Holders who validly tender and do not validly withdraw their
Securities and whose Securities are accepted for purchase in the
offers will also be paid accrued and unpaid interest on their
Securities from the last interest payment date of such Securities
to, but excluding, the applicable settlement date, payable on the
applicable settlement date.
Tenders of Securities in the Any and All Offers may be validly
withdrawn at any time at or before 5:00 p.m., New York City time,
on June 4, 2009, but not thereafter, except in certain limited
circumstances where additional withdrawal rights are required by
law (as determined by the Issuing Trusts). Tenders of Securities in
the Maximum Tender Offers made at or before 5:00 p.m., New York
City time, on June 10, 2009, may be validly withdrawn at any time
at or before 5:00 p.m., New York City time, on June 10, 2009.
Tenders of Securities in the Maximum Tender Offers after 5:00 p.m.,
New York City time, on June 10, 2009 but at or before 12:00
midnight, New York City time, on June 24, 2009, may not be validly
withdrawn, except in certain limited circumstances where withdrawal
rights are required by law (as determined by the Issuing
Trusts).
The settlement date for each tender offer is expected to be one
business day following the expiration of each offer.
Banc of America Securities LLC and J.P. Morgan Securities Inc.
have been retained to serve as dealer-managers for the offers.
Global Bondholder Services Corporation will be acting as the
Depositary and Information Agent.
For additional information regarding the terms of the tender
offers please contact: Banc of America Securities LLC at (888)
292-0070 (toll free) or (980) 388-4603 (collect) and J.P. Morgan
Securities Inc. at (866) 834-4666 (toll free) or (212) 834-3424
(collect).

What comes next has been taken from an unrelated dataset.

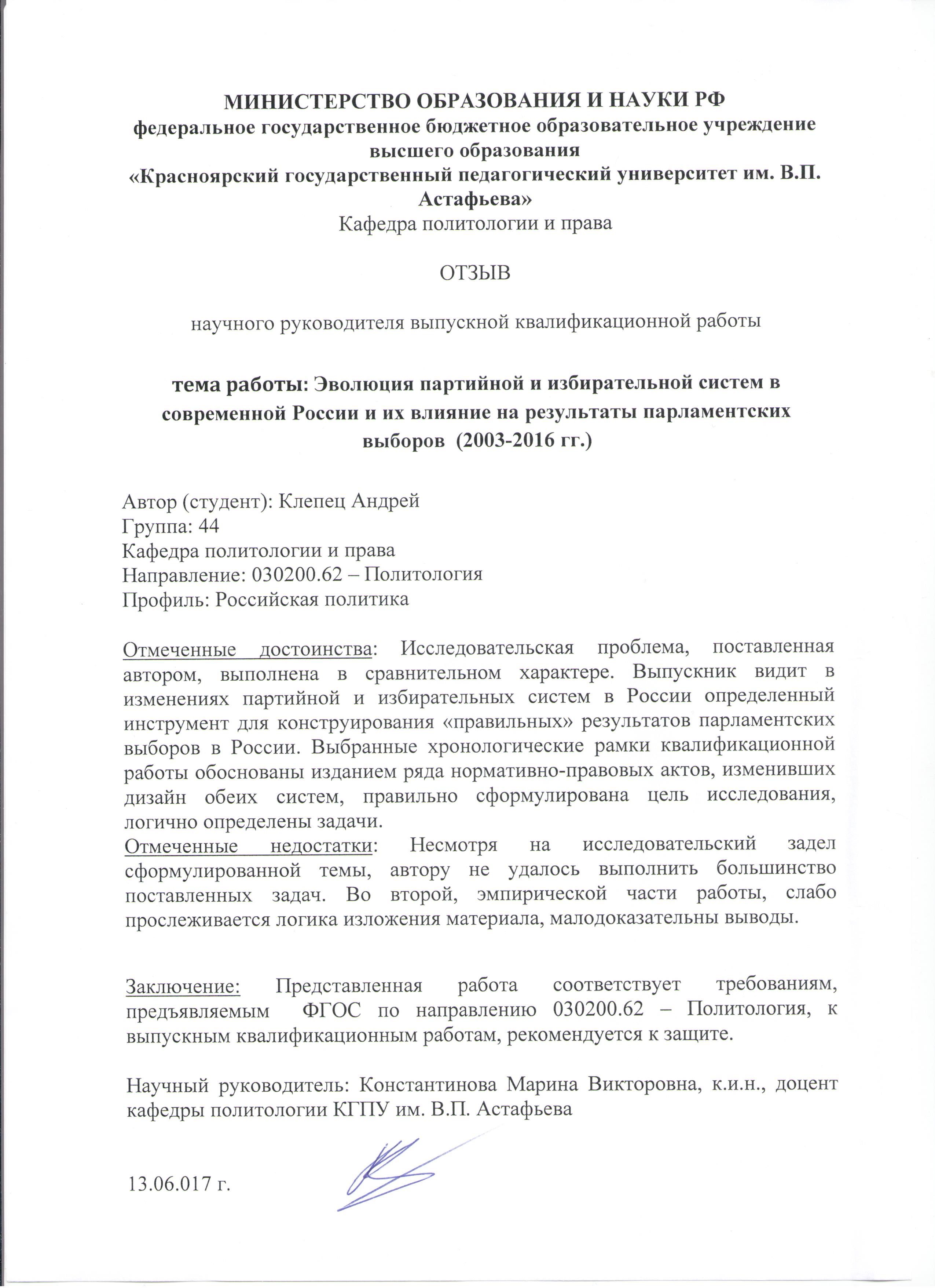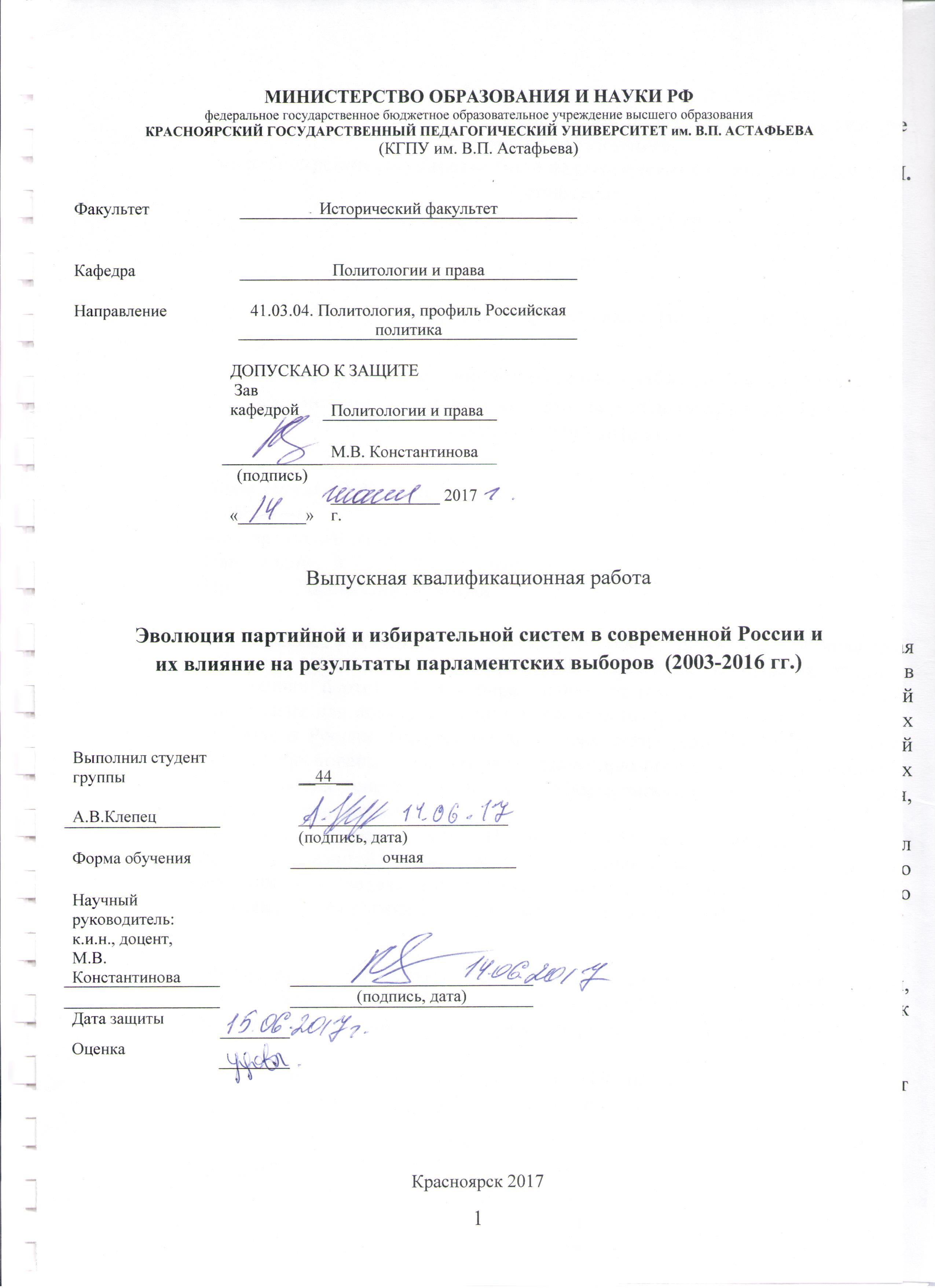 Эволюция партийной и избирательной систем в современной России и ее влияние на результаты парламентских выборов (2003-2016 гг.)
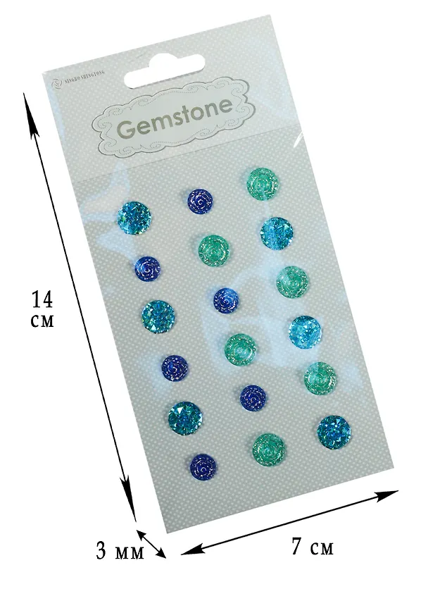 Стикеры полубусины синие/зеленые/голубые, 18шт

Requests for documents and questions regarding the
tendering of Securities may be directed to Global Bondholder
Services Corporation at (866) 952-2200 (toll free) or (212)
430-3774 (collect).
The obligation of the Issuing Trusts to accept any Securities
tendered and to pay the applicable consideration for them is set
forth solely in the Offer to Purchase and related Letter of
Transmittal. This press release is not an offer to purchase or a
solicitation of acceptance of the tender offers. The Issuing Trusts
may amend, extend or, subject to certain conditions, terminate the
tender offers.
Allstate Life was organized in 1957 as a stock life insurance
company under the laws of the State of Illinois. Allstate Life,
together with its subsidiaries, provides life insurance, retirement
and investment products for individual and institutional customers.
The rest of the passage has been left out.